Please work out how many lines in the entries below include the string "that", and reply with the number alone.

Dataset.
========================

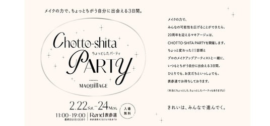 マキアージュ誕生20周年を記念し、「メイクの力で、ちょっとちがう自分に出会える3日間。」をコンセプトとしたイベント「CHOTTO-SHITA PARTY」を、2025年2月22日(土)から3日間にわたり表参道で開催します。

========================

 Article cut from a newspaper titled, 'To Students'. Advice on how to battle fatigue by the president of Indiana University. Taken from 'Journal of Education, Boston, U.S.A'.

========================

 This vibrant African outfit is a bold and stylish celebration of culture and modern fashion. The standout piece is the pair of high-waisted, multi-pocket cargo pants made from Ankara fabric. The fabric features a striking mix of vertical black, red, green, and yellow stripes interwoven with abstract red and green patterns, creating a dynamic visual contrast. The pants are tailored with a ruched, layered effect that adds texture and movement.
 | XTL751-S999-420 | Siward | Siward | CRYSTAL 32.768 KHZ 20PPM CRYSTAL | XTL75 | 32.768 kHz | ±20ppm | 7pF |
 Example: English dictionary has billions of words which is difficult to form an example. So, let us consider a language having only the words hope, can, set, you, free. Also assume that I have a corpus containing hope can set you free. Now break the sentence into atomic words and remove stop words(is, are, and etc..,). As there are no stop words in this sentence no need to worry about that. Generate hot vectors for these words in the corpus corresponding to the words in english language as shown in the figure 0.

========================

Completed task. 2